*Task objective:* Write again exactly the lines in the listing below, starting at the line with "萊鋼3 # 高爐(750" and ending at the line with "起床6時、ハワイで初めての朝", both included. Pictures are not copied.
++++++++++
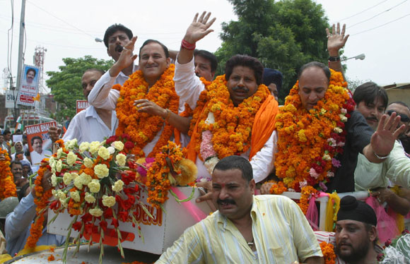 roadsides, with a single tap catering to hundreds of households.![]() ![]() July 16, 2009 Jammu: Congress (I) legislators Raman Bhalla and GM Saroori who were inducted in Omar Abdullah Cabinet as ministers’ recently on a thanksgiving rally on their arrival in Jammu. ![]() ![]() ![]() JULY 18, 2009 - JAMMU: Director General of Border Security Force M L Kumawat addressing a press conference at BSF headquarter . ![]() ![]() July 20, 2009 Jammu: Activists of BJP staged protest demonstration against the decision to establish Central University in Srinagar instead of Jammu by the Cong-NC coalition government and burnt an effigy of J&K Chief Minister Omar Abdullah ![]() ![]() ![]() |
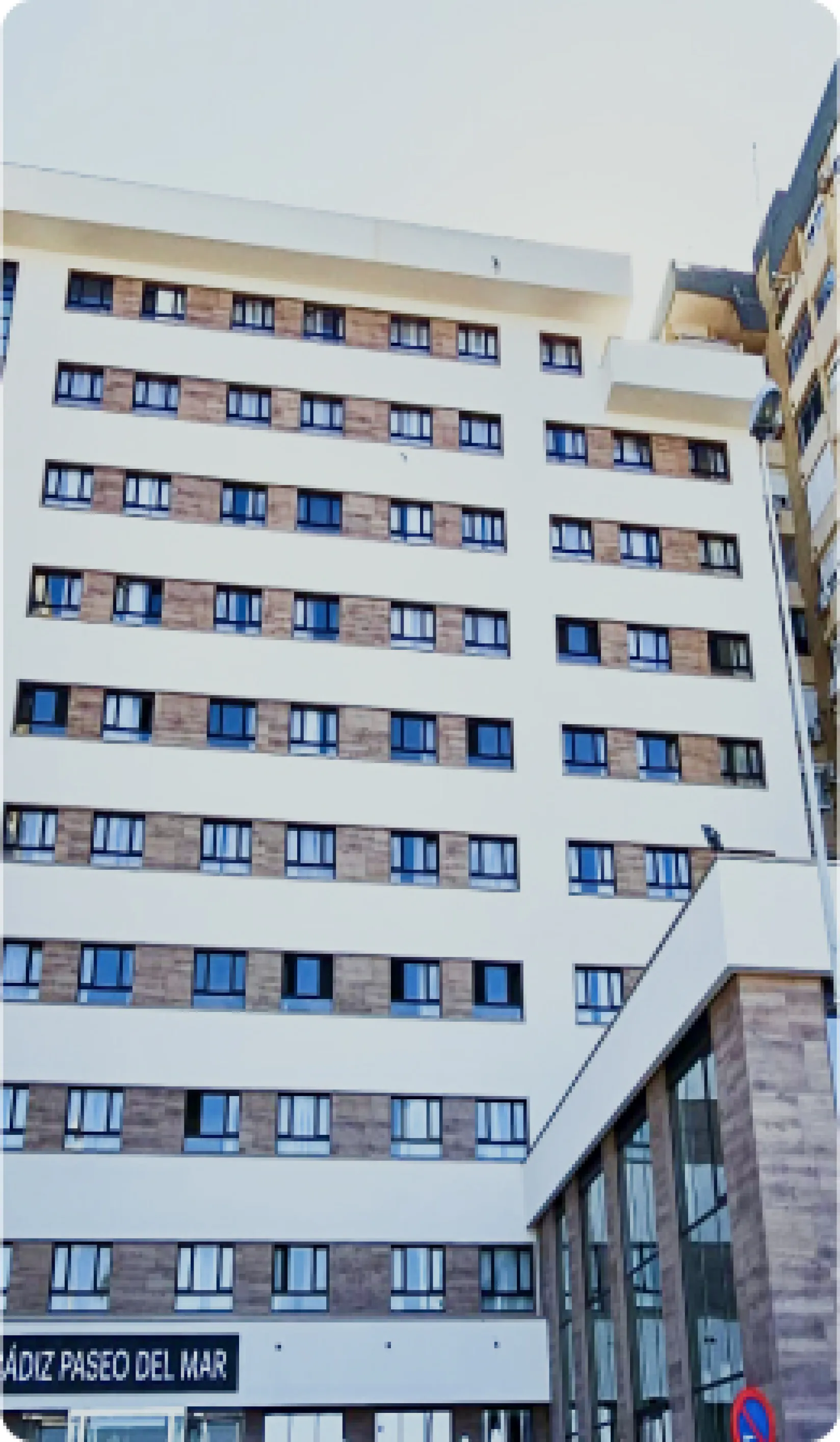 Soluciones de Saint-Gobain instaladas. Residencia Asistida de Manresa, Barcelona (a la izquierda). Hotel Meliá Cádiz Paseo del Mar, Cádiz (centro). Espacio de negocios Parque Joyero de Córdoba (derecha).
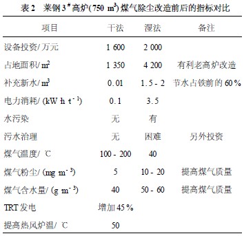 萊鋼3 # 高爐(750 m3) 全干式煤氣布袋除塵已順利運行近4 年,相比較濕法除塵各項指標效果明顯。表2 為萊鋼 3 # 高爐煤氣除塵改造前后的指標對比。
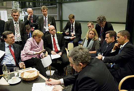 在丹麦首都哥本哈根,欧美各国领导人聚在一起进行分组讨论。
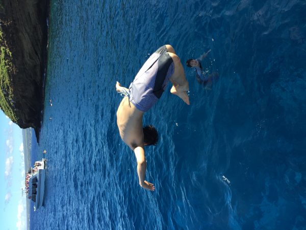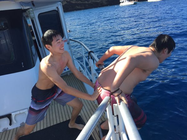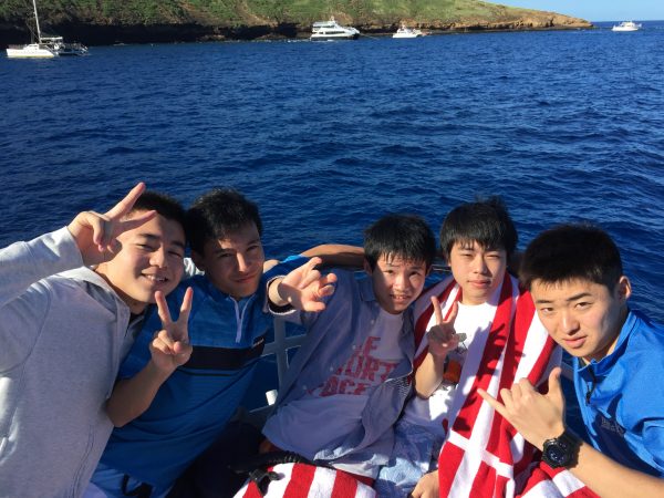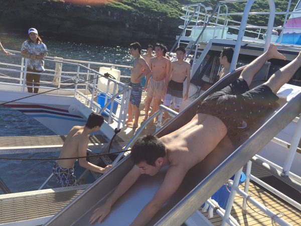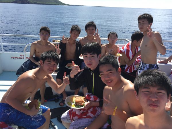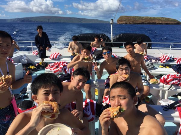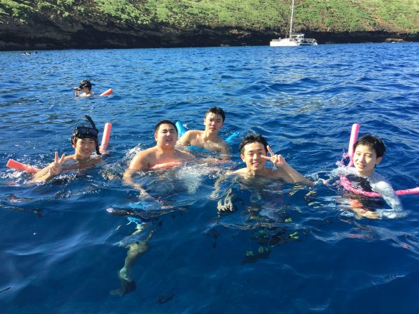 起床6時、ハワイで初めての朝を迎えました。水着を着用してスポットへ船で向かいます。天気は最高、波も穏やかで絶好のスノーケリング日和です。美味しいご飯と青い海を堪能できました。
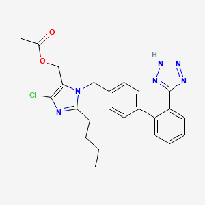 The systematic International Union of Pure and Applied Chemistry name for this compound is [2-butyl-5-chloro-3-[[4-[2-(2H-tetrazol-5-yl)phenyl]phenyl]methyl]imidazol-4-yl]methyl acetate. Alternative chemical names include 2-Butyl-4-chloro-1-[[2'-(1H-tetrazol-5-yl)biphenyl-4-yl]methyl]-1H-imidazole-5-methanol 5-acetate and (2-Butyl-4-chloro-1-((2'-(1H-tetrazol-5-yl)biphenyl-4-yl)methyl)-1H-imidazol-5-yl)methyl acetate.
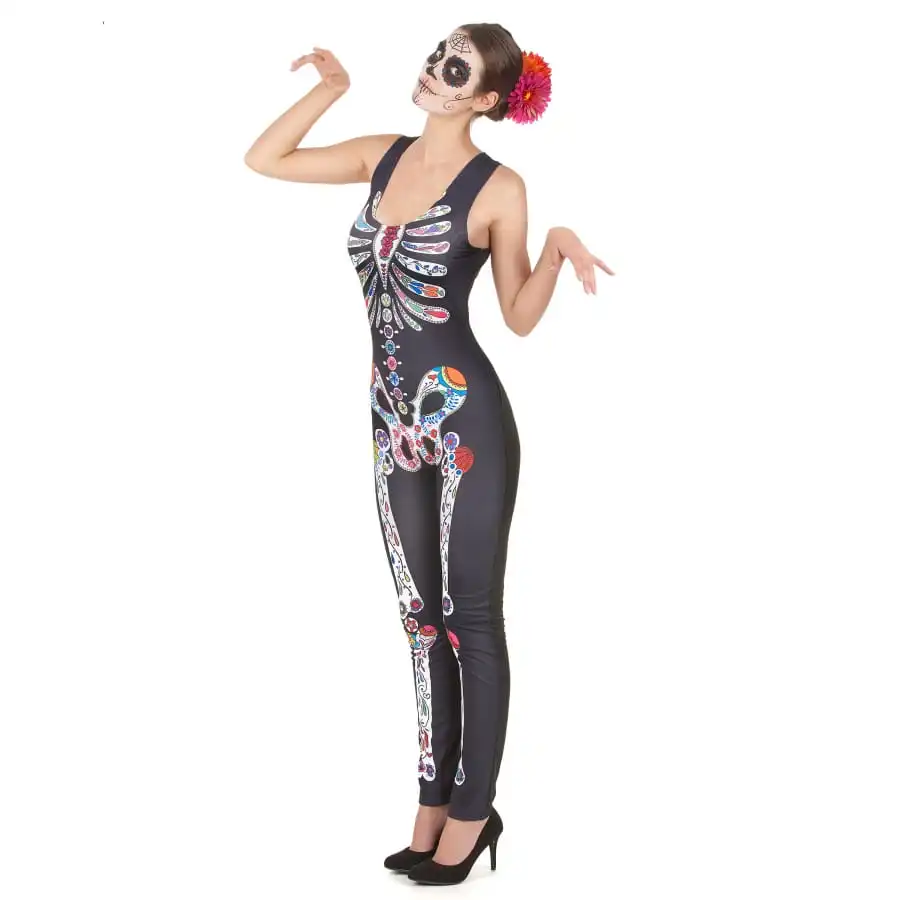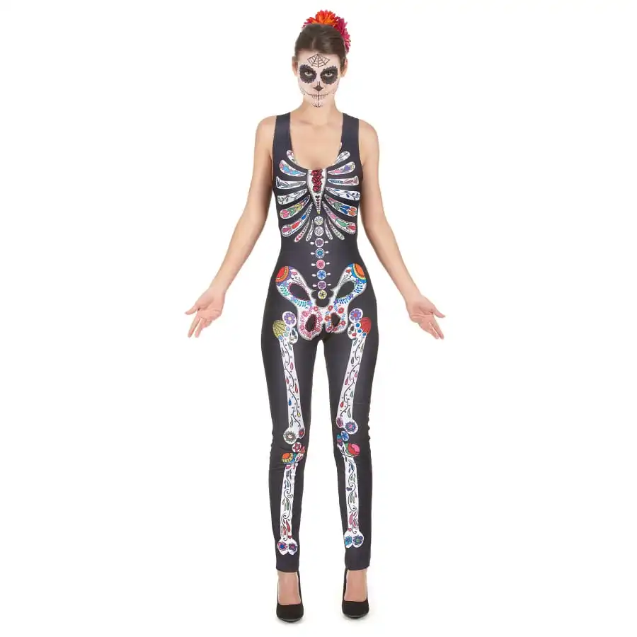 La combinaison Dia de los muertos sans manches est pour femme.
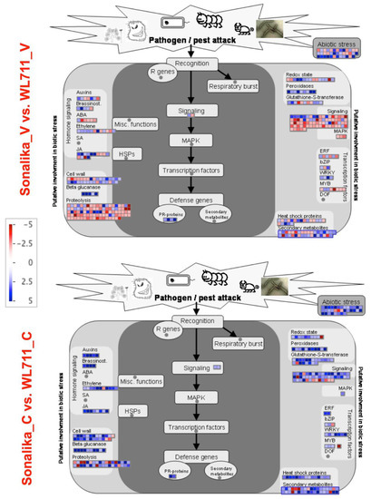 MapMan overview showing differentially expressed transcripts related to biotic and abiotic stress in Sonalika (Sonalika_V vs. WL711_V and Sonalika_C vs. WL711_C). Upregulated genes are shown by light to deep blue color boxes and the downregulated genes are shown by light to deep red color boxes. Color intensities show the level of expressions as indicated by the intensity bar on left. Genes involved in same functions are clubbed together. The transcripts with ≥2-fold change were used for the analysis.
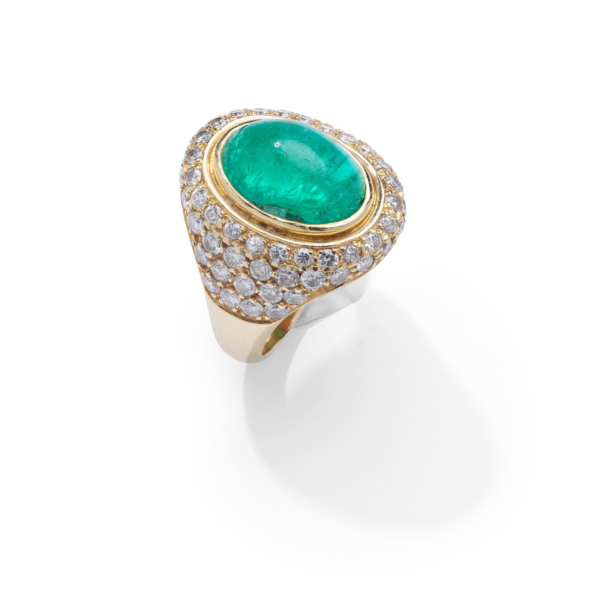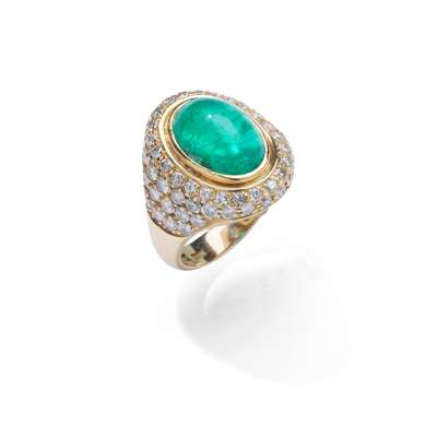 Collet-set with an oval cabochon emerald within a pavé-set brilliant-cut diamond surround, mounted in 18ct gold, Swedish assay marks, maker's mark WAB
++++++++++
*Result of this exercise:*
 萊鋼3 # 高爐(750 m3) 全干式煤氣布袋除塵已順利運行近4 年,相比較濕法除塵各項指標效果明顯。表2 為萊鋼 3 # 高爐煤氣除塵改造前后的指標對比。
 在丹麦首都哥本哈根,欧美各国领导人聚在一起进行分组讨论。
 起床6時、ハワイで初めての朝を迎えました。水着を着用してスポットへ船で向かいます。天気は最高、波も穏やかで絶好のスノーケリング日和です。美味しいご飯と青い海を堪能できました。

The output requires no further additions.